Exercise: The answer must be an exact copy of the records, with no pictures in it.

(Data excerpts)
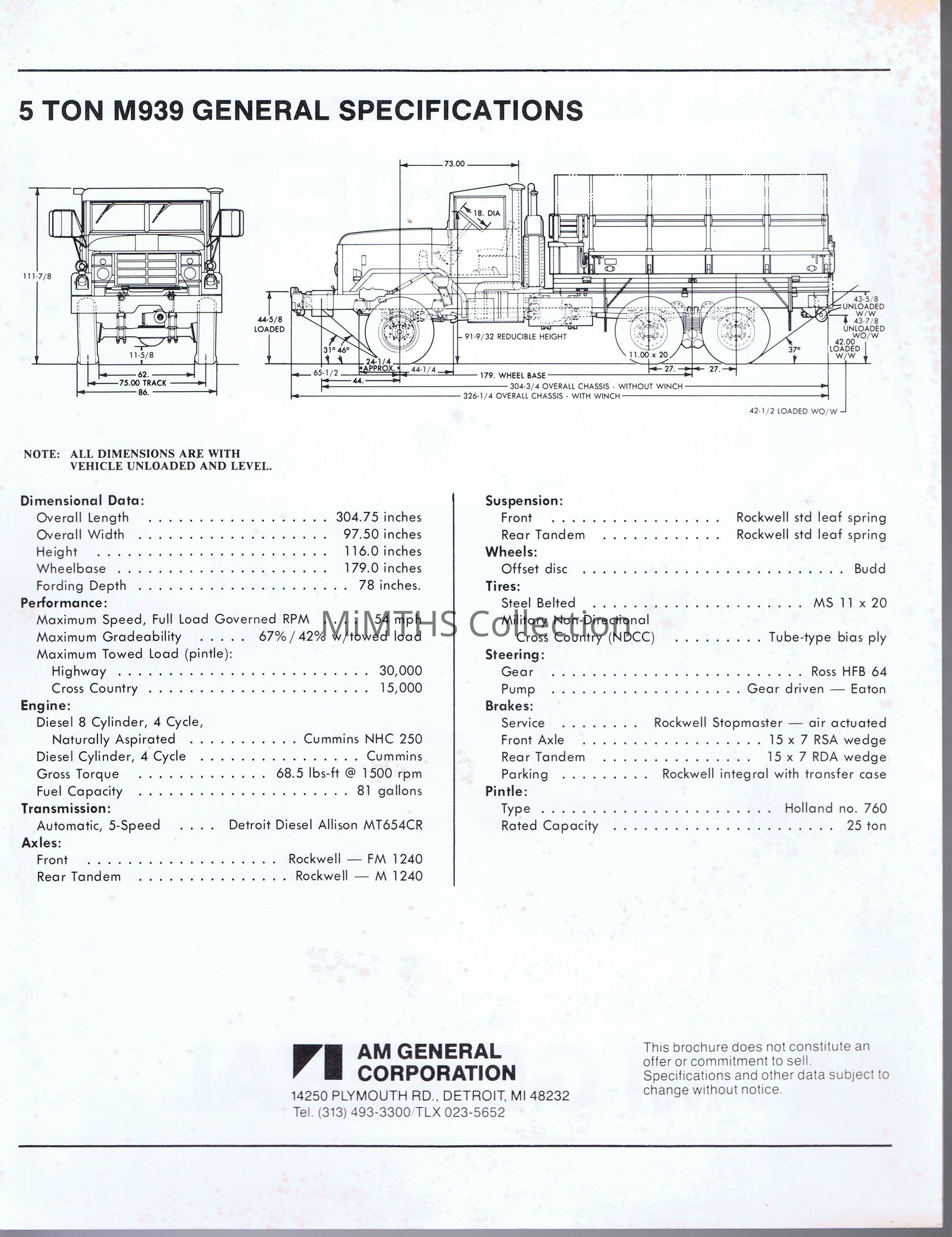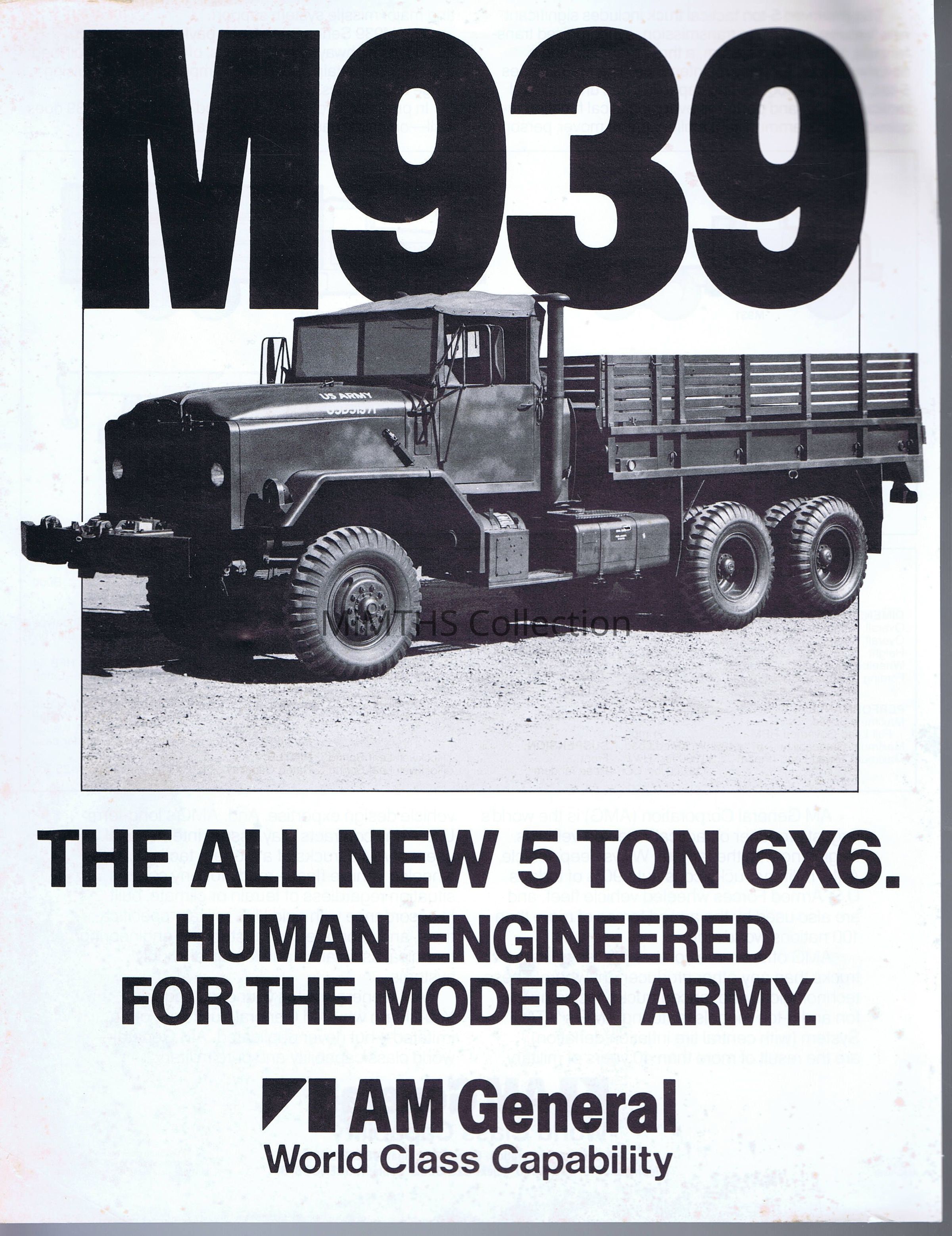 M939, The All New 5 Ton 6X6, Human Engineered for the Modern Army, AM General informational sheet.Cataloged By
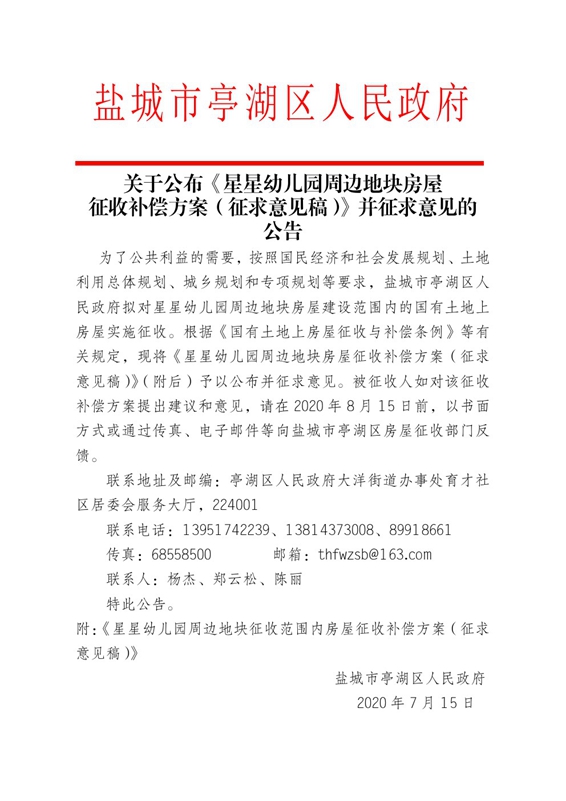 具体范围见盐城市自然资源和规划局认可的星星幼儿园周边地块项目征收红线图(附图)。
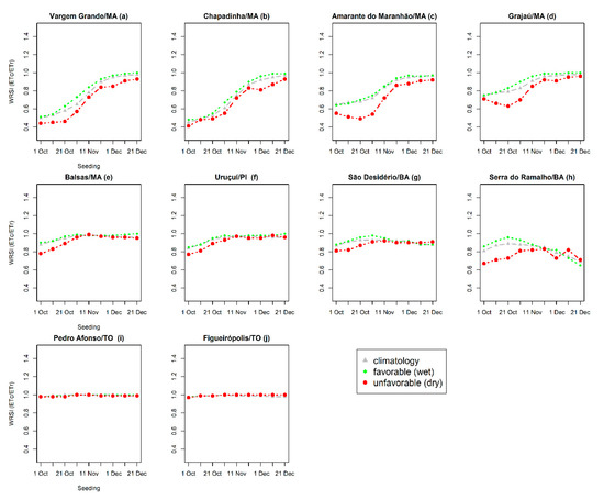 For much of the region, the exposure of soybeans to the risk caused by water deficit is minimized with the establishment of the wet season (late October to mid-November). These results are consistent with several studies [39,40,55,112,113,114,115] that demonstrated that the amount of rainfall is positively correlated with the WRSI, contributing to the reduction of yield loss due to the water deficit.
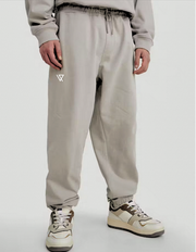 Virtue X sweatpants is made in core fleece and designed with volume to create a round, cropped silhouette. Details include a mock neckline, side seam pockets, rib-knit cuffs, and waist hem. Minimalist branding is seen on the front.
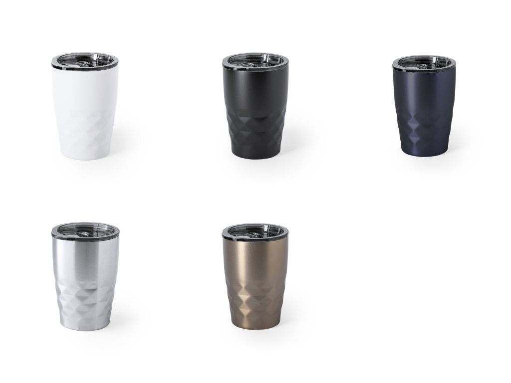 Dvoustěnný nerezový, měděný, vakuově izolovaný termo hrnek s plastovým víčkem na pití.
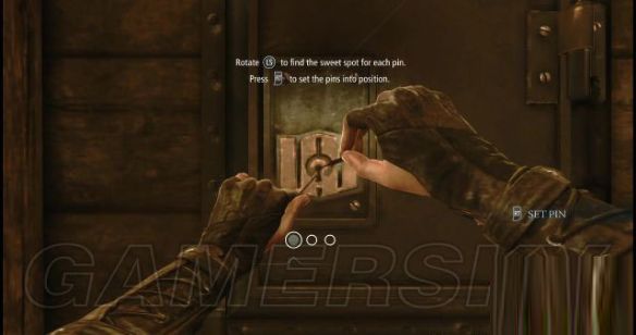 step5.②.保险箱当然也是上锁的,对着保险箱点击一下X键,那么加勒特就会掏出两条铁针,插入匙孔内,旋动左摇杆直至下方的第一嗰圆圈呈现灰色时按RT键,然后就是开启第二重的锁,方法也如此,一共开启三重锁即可(这种锁是一重接着一重的)。

Answer below:
 M939, The All New 5 Ton 6X6, Human Engineered for the Modern Army, AM General informational sheet.Cataloged By
 具体范围见盐城市自然资源和规划局认可的星星幼儿园周边地块项目征收红线图(附图)。
 For much of the region, the exposure of soybeans to the risk caused by water deficit is minimized with the establishment of the wet season (late October to mid-November). These results are consistent with several studies [39,40,55,112,113,114,115] that demonstrated that the amount of rainfall is positively correlated with the WRSI, contributing to the reduction of yield loss due to the water deficit.
 Virtue X sweatpants is made in core fleece and designed with volume to create a round, cropped silhouette. Details include a mock neckline, side seam pockets, rib-knit cuffs, and waist hem. Minimalist branding is seen on the front.
 Dvoustěnný nerezový, měděný, vakuově izolovaný termo hrnek s plastovým víčkem na pití.
 step5.②.保险箱当然也是上锁的,对着保险箱点击一下X键,那么加勒特就会掏出两条铁针,插入匙孔内,旋动左摇杆直至下方的第一嗰圆圈呈现灰色时按RT键,然后就是开启第二重的锁,方法也如此,一共开启三重锁即可(这种锁是一重接着一重的)。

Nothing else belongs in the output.